La dernière fille du Pasteur Pierre Hien est la seule à porter le patronyme-Hien. Les sept autres enfants de la famille portent celui de leur mère-Somé. Une tradition chez les lobi. Signe du rôle primordial de la femme dans cette société matriarcale dans laquelle les enfants portent généralement le nom de famille de leur mère. Assis au milieu de sa cour au secteur 2 de Gaoua ce samedi 14 août 2021, le pasteur discute avec son épouse qui trie des grains de céréales. « C’est elle qui fait tout dans la famille. Mais elle connait bien sa place et son rôle », rappelle le chef de famille. Dans sa communauté, poursuit-il, quand on marie une femme c’est comme si elle avait été prêtée. « L’ancien temps était très intéressant. Quand je fais la comparaison avec de nos jours, je vois que nous risquons de perdre beaucoup de nos valeurs traditionnelles », regrette Henriette Somé épouse du pasteur Hien.
Ce droit maternel, les lobi tiennent à le conserver malgré la modernité et le métissage des cultures. « Seule la femme connait l’identité de l’auteur de sa grossesse. C’est uniquement le prénom que le mari donne à l’enfant. Jusqu’à présent c’est le matriarcat chez nous au lieu du patriarcat. Cela existe toujours dans la société traditionnelle lobi », enseigne l’ancien militaire à la retraite.

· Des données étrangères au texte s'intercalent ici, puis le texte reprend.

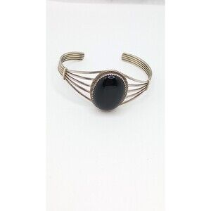 Sterling & Black Onyx Pat Yazzie Navajo Cuff Bracelet

L’administratif, l’autre réalité à laquelle les lobi doivent faire face. Obtenir certains documents administratifs relève souvent du parcours du combattant pour les personnes dont le nom de famille se transmet de la mère à l’enfant. Les enfants de Sié Da, acteur culturel, portent par exemple le nom de famille de leur père. « Pour des questions administratives il n’est pas conseillé de laisser ses enfants prendre le nom de leur mère. Mieux si on marie à un Ouédraogo ou un Traoré, l’enfant prendra naturellement le nom de son père », laisse-t-il entendre.
Nouvelle génération, nouvelle conception
Da Noyiré, militaire à la retraite se vante de l’égalité des sexes dans la société lobi. « Chez nous les femmes sont considérées comme des hommes. Nous ne faisons pas de différences quoi que, chacun sait reconnaître sa place et son rôle » explique l’adjudant-chef. Des femmes qui enterrent des morts, qui détiennent des fétiches, qui font des consultations mystiques…autant d’exemples qui placent la femme lobi sur un piédestal dans sa société.
« Je ne sais vraiment pas grand-chose de cette société égalitaire dans la communauté lobi. Je suis certes lobi, mais mes parents ne m’ont jamais parlé de ça » relève Mariam Da. Selon elle, c’est certainement sa religion musulmane qui a constitué un frein pour l’appropriation de sa tradition lobi. « Mes parents me parlent plus de l’islam que des traditions », dit-elle.
Pas égalité mais plutôt complémentarité, selon Sié Da. Pour cet organisateur d’évènements culturelles à Gaoua :« le modernisme a tellement pris le dessus qu’il faut savoir faire la part des choses. Les femmes sont certes libres et indépendantes chez les lobi, mais elles connaissent leurs limites ».